Evaluate $\sum_{k=1}^nk\cdot k!$

I discovered that the summation $\displaystyle\sum_{k=1}^n k\cdot k!$ equals $(n+1)!-1$.

But I want a proof. Could anyone give me one please?
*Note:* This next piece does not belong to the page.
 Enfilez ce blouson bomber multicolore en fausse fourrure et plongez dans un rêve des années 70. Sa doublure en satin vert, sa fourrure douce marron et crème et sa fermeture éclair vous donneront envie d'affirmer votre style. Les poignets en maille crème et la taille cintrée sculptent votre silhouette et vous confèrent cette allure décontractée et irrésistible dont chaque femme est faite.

Don't worry if it uses very advanced math, I can just check it out on the internet. :)


HINT: $k(k!)=(k+1-1)(k!)=(k+1)!-k!$. Now do the summation and most of the terms will cancel.
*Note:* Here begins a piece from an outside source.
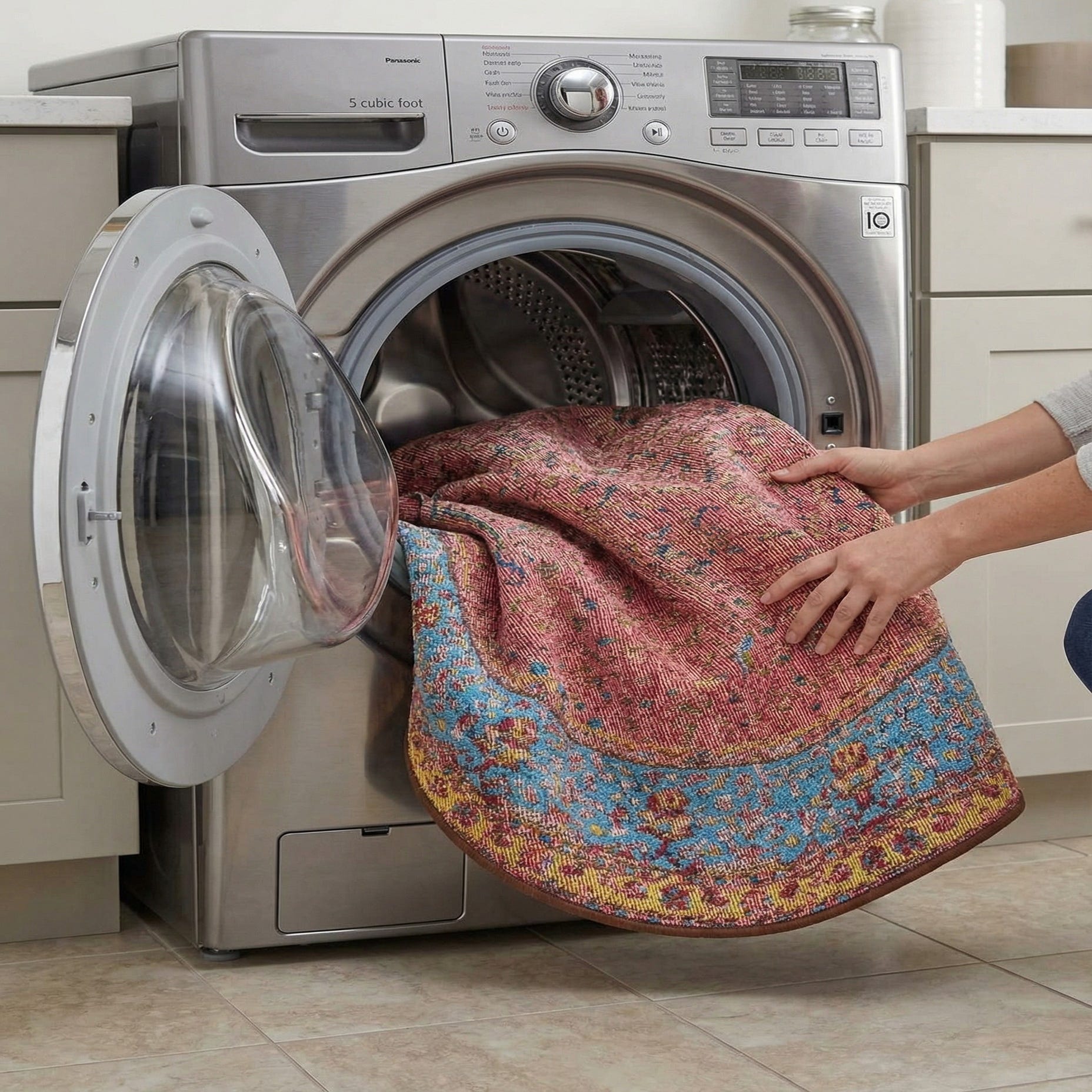 Detail image of  3' 1 x 3' 1  Washable Traditional Indoor / Outdoor Round Rug

$$\sum_{k=1}^n k\cdot k!=\sum_{k=1}^n (k+1-1)k!=\sum_{k=1}^n \left((k+1) k!- k!\right)=$$ $$=\sum_{k=1}^n ((k+1)!-k!)=\sum_{k=1}^n (k+1)!-\sum_{k=1}^n k!=$$ $$=\sum_{k=1}^{n-1} (k+1)!+(n+1)!-\sum_{k=0}^{n-1} (k+1)!=$$ $$=\sum_{k=1}^{n-1} (k+1)!+(n+1)!-(0+1)!-\sum_{k=1}^{n-1} (k+1)!=$$ $$=(n+1)!-1$$


By telescoping $$\sum_{k=1}^n k\times k!=\sum_{k=1}^n \left((k+1)\times k!- k!\right)=\sum_{k=1}^n ((k+1)!-k!)=(n+1)!-1$$


This might be a bit overkill, but I think it's still worth showing: using that $$ k!=\int_0^\infty e^{-t}t^kdt\,, $$ we have $$\begin{aligned} \sum_{k=1}^n k\cdot k!&=\int_0^\infty e^{-t}\sum_{k=1}^n kt^k dt\\ &=\int_0^\infty e^{-t}\frac{d}{dt}\sum_{k=0}^n t^k dt\\ &=\int_0^\infty te^{-t}\frac{d}{dt}\frac{1-t^{n+1}}{1-t}dt \end{aligned}$$ and integrating by parts yields $$ \sum_{k=1}^n k\cdot k! = \int_0^\infty e^{-t}(t^{n+1}-1)dt=(n+1)!-1\,. $$